Airway obstruction. Specific pulmonary resistance, measured during quiet spontaneous breathing 2 min after a deep inflation, was elevated in the postbronchiolitis group (Fig. 3; P < 0.0001, Mann-Whitney test), indicating the presence of airflow obstruction. The FRC during spontaneous breathing also was elevated in the postbronchiolitis group (35 ± 3% TLC, n = 28) compared with the control group (30 ± 3% TLC, n = 36; P < 0.0001, t-test). The forced-expiratory maneuvers from TLC revealed reduced FEV0.2 in the postbronchiolitis rats (Fig. 4; P < 0.0001, t-test), indicating that airway obstruction was present during a deep inflation maneuver, as well as under the conditions of quiet tidal breathing measured with sRL. Because FEV0.2 may be reduced by either premature airway closure or airflow limitation, we evaluated FVC as an indicator of airway closure and the FEV0.2-to-FVC ratio (FEV0.2/FVC) as an indicator of airflow limitation during a forced-expiratory maneuver.
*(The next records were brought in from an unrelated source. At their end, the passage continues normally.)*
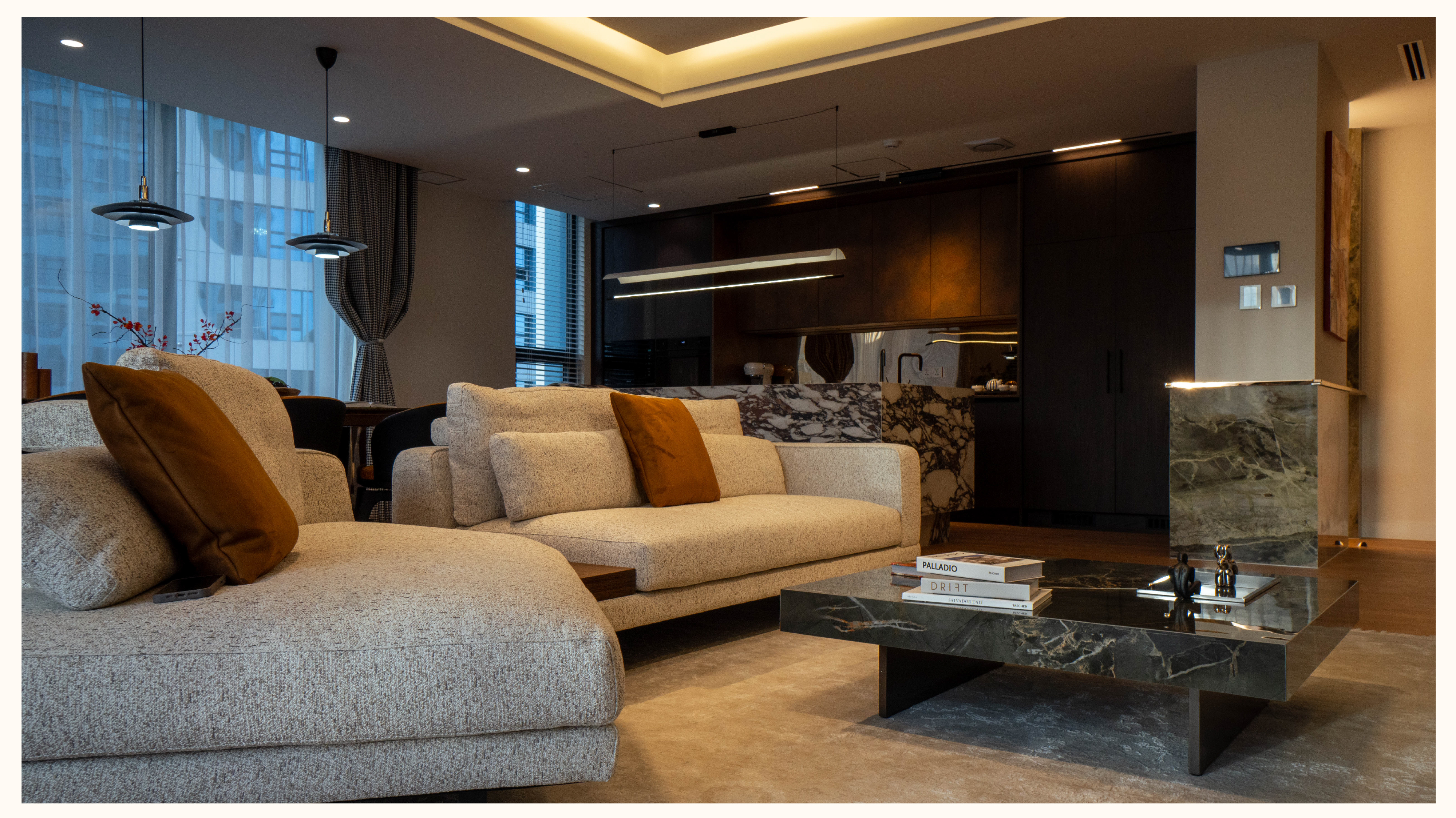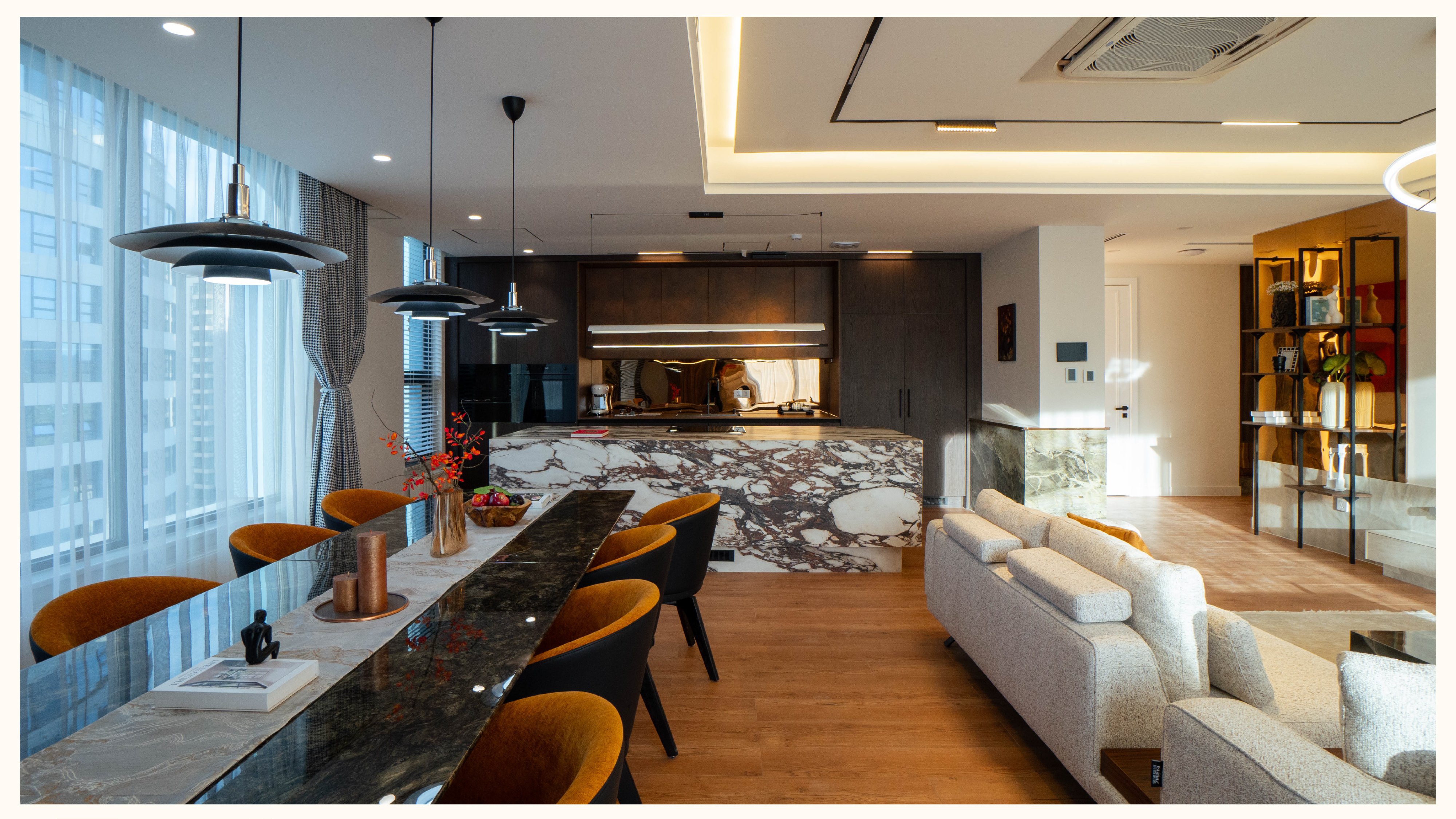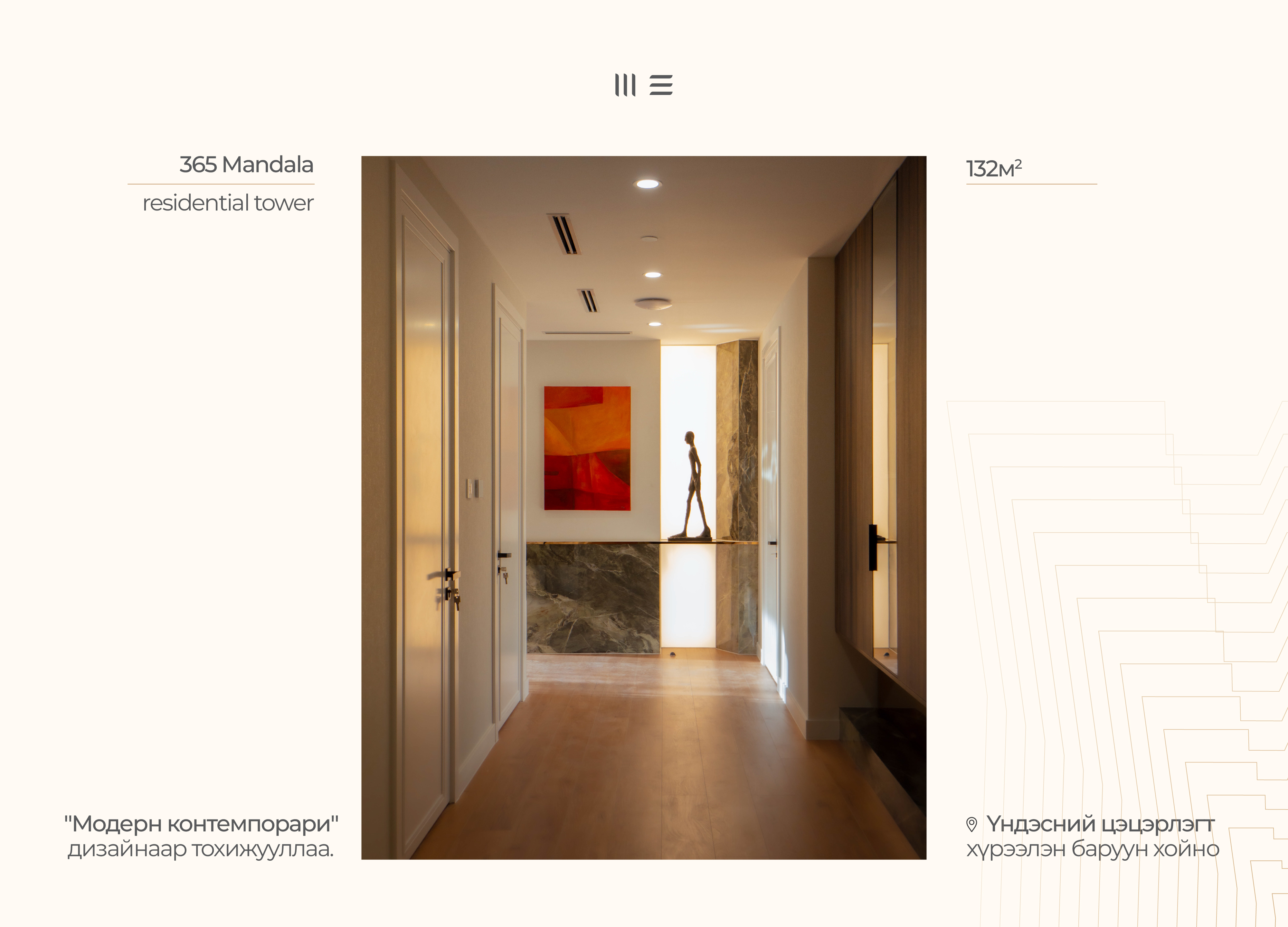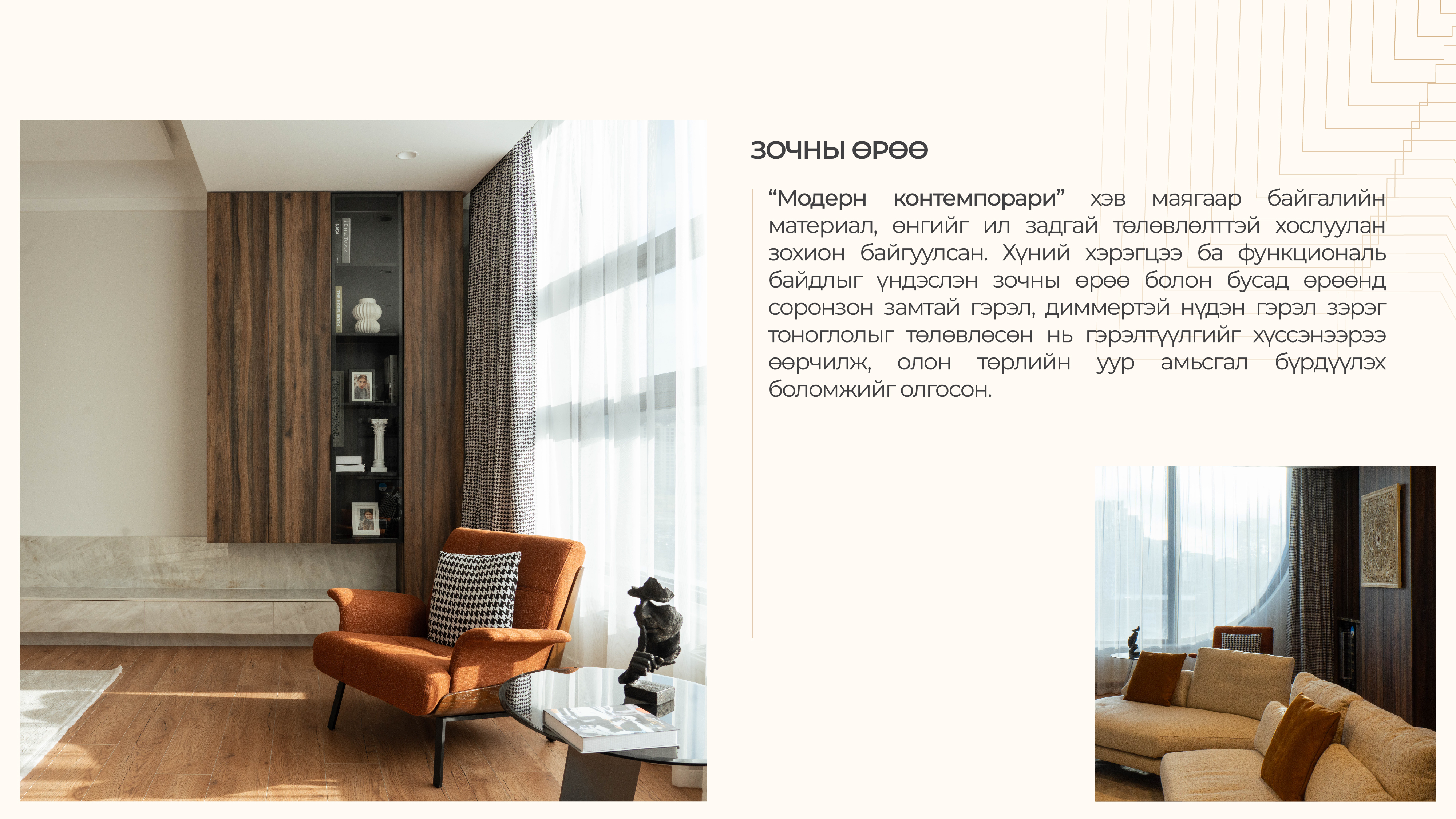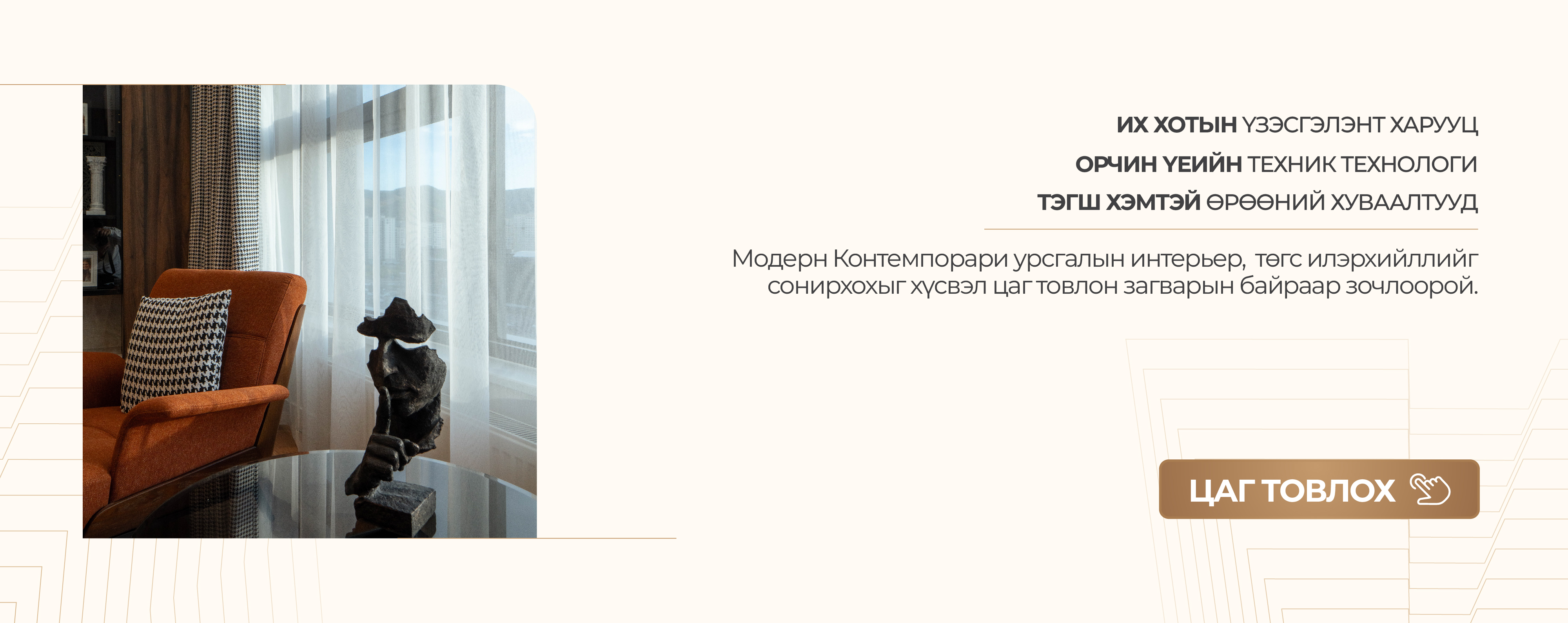 Өндөр зэрэглэлийн орон сууцны орчин үеийн архитектур, интерьерийн хослол.
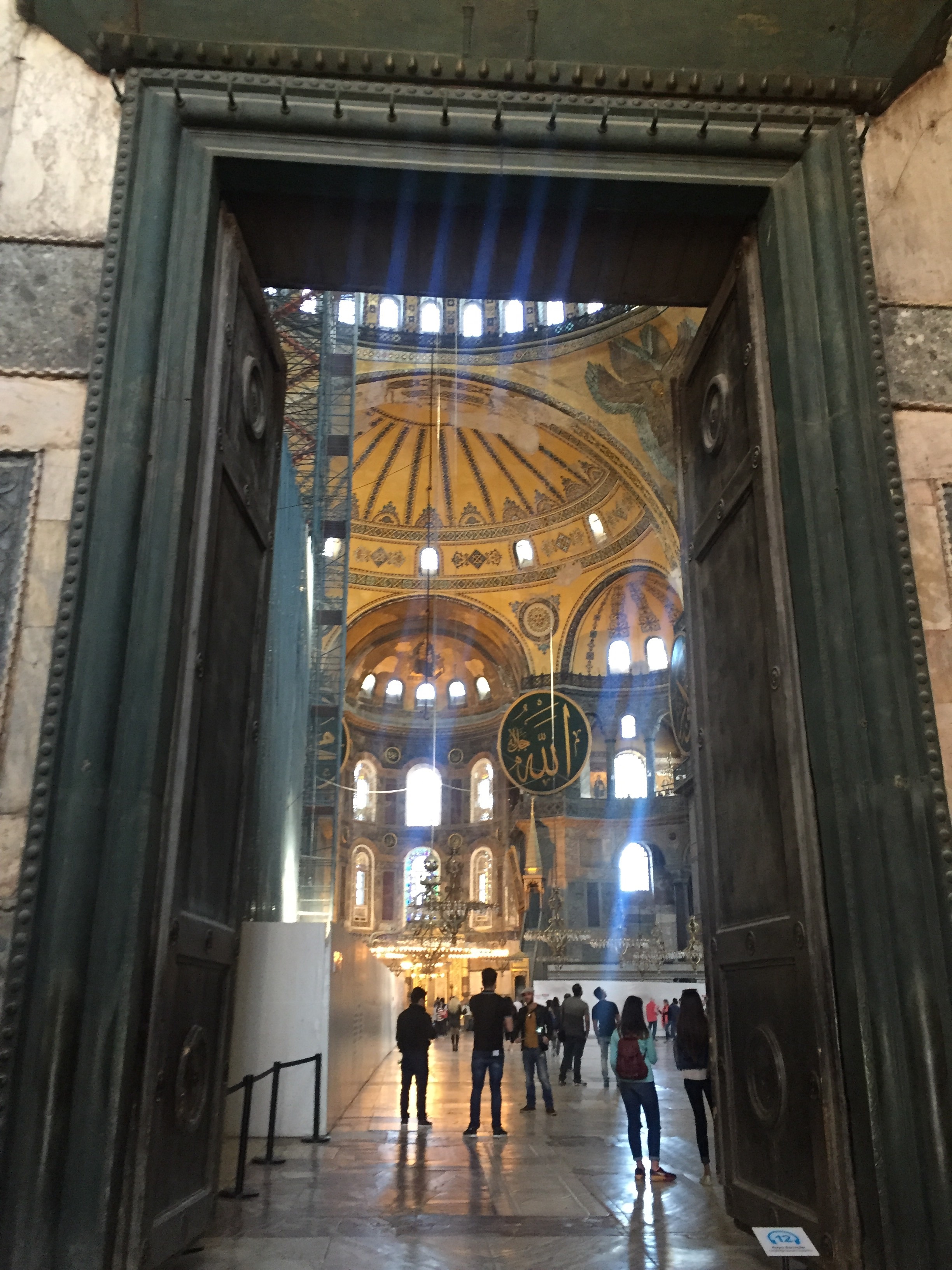 Having spent a fair bit of time inside we made our way out through the luscious gardens and fountains across the square over to Ayasofya Museum or Hagia Sophia. Now, I’ve read a fair bit of the history of this place in history fiction books, school history books and so when you actually walk through the massive doors and see the main room, you can see how old the place is. Even though there is restoration work going on, the overall structure and layout of the building is dark, the byzantine gold plated ceilings are chipping away but you can see the largest calligraphy plates hanging in the main entrance on the pillars. Walking around this historical space that has seen so much I was reminded of Mezquita-Cathedral of Cordoba. Where here stood a church converted to a mosque there stood a mosque converted to a church. There is so much to mention on this monument's history but i'll let you read up on it yourself, some info can be found on the site.
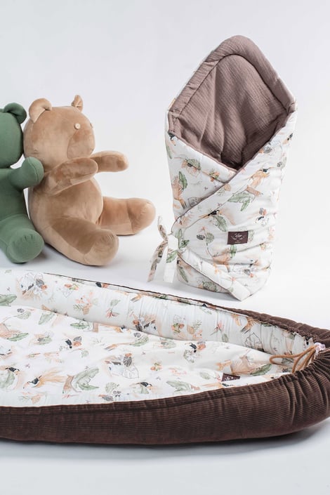 Útulné hnízdečko pro miminko Roberto Safari využijete v postýlce, na gauči, na zemi, v prvních týdnech může nahradit i dětskou postýlku. Děťátko se v něm bude cítit pohodlně a bezpečně. Hnízdečko je vyrobené ze 100% bavlny. Vnitřní stranu zdobí exotická zvířata a rostliny, vnější strana je z hnědého manšestru.
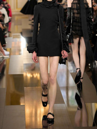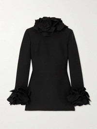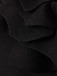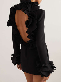 EDITORS'NOTES Valentino Garavani's all-black Fall '24 collection reimagines signature house codes from the '80s. Tailored from virgin wool and silk-blend crepe, this mini dress has a ruffled neckline and cuffs, padded shoulders and an open-back tipped with a bow. Wear yours with Mary Jane pumps to emulate the runway styling. SIZE & FIT Model measurements: - Fits true to size, take your normal size - Those with a curvy figure may wish to take the next size up - Designed for a close fit - Particularly short in length - Mid-weight, non-stretchy fabric - Model is 177cm/ 5'10" and is wearing an IT 40 - Bust: 85cm/ 33.5” - Waist: 65cm/ 25.5” - Hip: 91cm/ 36” DETAILS & CARE - Black virgin wool and silk-blend crepe - Concealed hook and zip fastening at back - 65% virgin wool, 35% silk
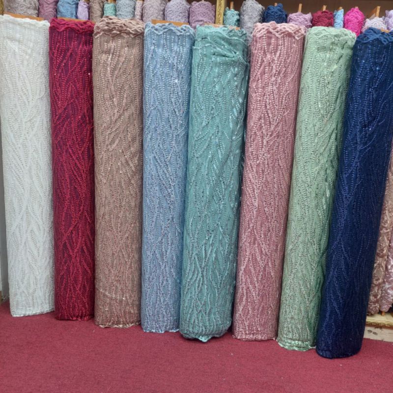 Bahan Kain Tile Akar Sakura Terbaru Full Taburan Payet
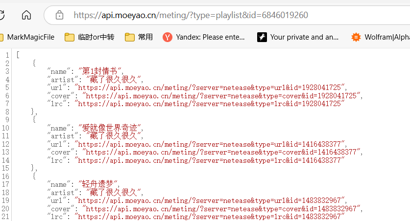 将该ID填写到https://api.moeyao.cn/meting/?type=playlist&id=连接中,可查看到返回的Json数据。
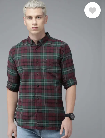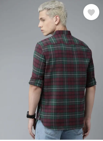 Men Slim Fit Checkered Button Down Collar Casual Shirt
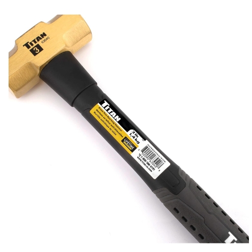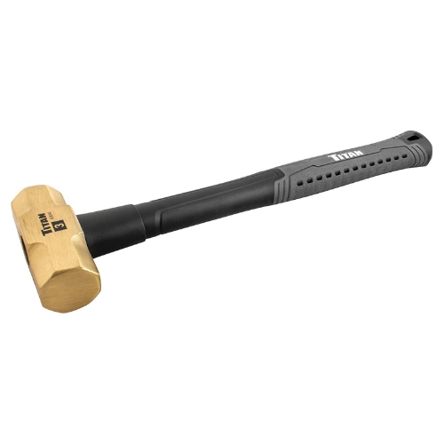 - The Titan 63040 is a 3-pound brass non-sparking hammer designed for safe use in environments where flammable materials are present. Its solid brass head minimizes the risk of sparking, making it ideal for automotive, industrial, and maintenance applications. The fiberglass handle with a textured grip ensures comfort and control during use.
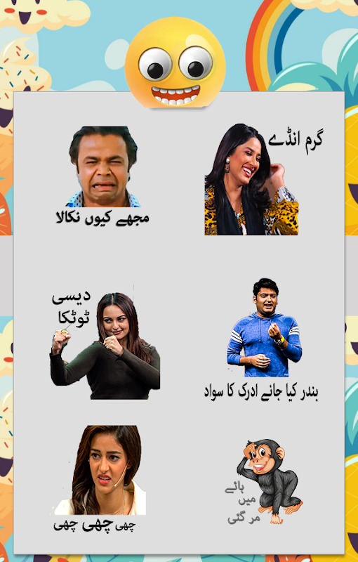 মজার উর্দু স্টিকার ডাউনলোড করুন উর্দু - আপনার মোবাইলে হোয়াটস অ্যাপ অ্যাপ্লিকেশনের জন্য বিনামূল্যে মজার ইমোজি এবং WA-এর জন্য ছবি স্ট্যাটাসের জন্য বিস্তৃত বিভাগ সহ।
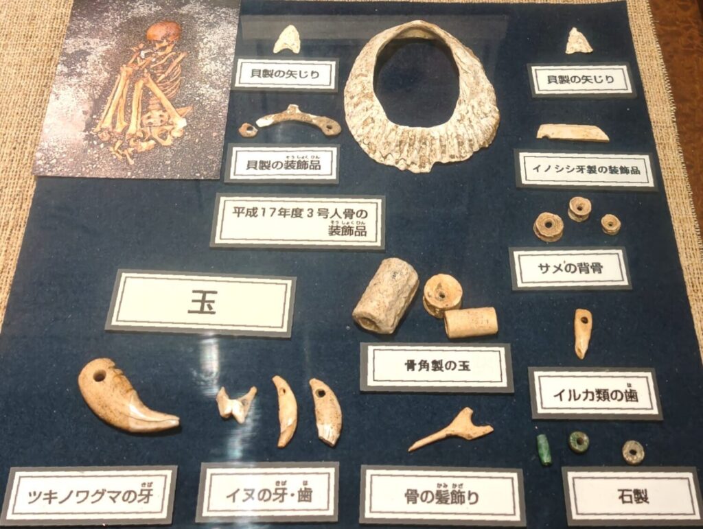 人骨と共に発掘されたのが、貝や動物の骨などで作られた副葬品です。

In the postbronchiolitis rats, the FVC was reduced by an average volume of 10% TLC compared with controls (Fig. 4; P < 0.0001, t-test), indicating that premature airway closure accounted for most of the observed reduction of FEV0.2 in these rats. In contrast, the average FEV0.2/FVC was only 3% lower in the postbronchiolitis rats compared with the controls (Fig. 4; P < 0.006), suggesting that only minor airflow limitation was present over the lung volume range that was exhaled in the first 0.2 s. Reasoning that the FEV0.2/FVC might be insensitive to airway obstruction occurring primarily at lower lung volumes, we investigated whether there were lung volume-dependent changes in abnormal airflow in the postbronchiolitis rats. Figure 5A illustrates that maximal airflow, measured at isovolume points in the 30–70% TLC range during forced expiration, was reduced in the postbronchiolitis rats throughout this range of lung volumes (P < 0.0001, ANOVA). However, the maximal flow rates of the postbronchiolitis rats became progressively more reduced relative to those of normal controls as lung volume decreased from 70% TLC to 30% TLC (Fig. 5B), suggesting marked airway instability at lower lung volumes.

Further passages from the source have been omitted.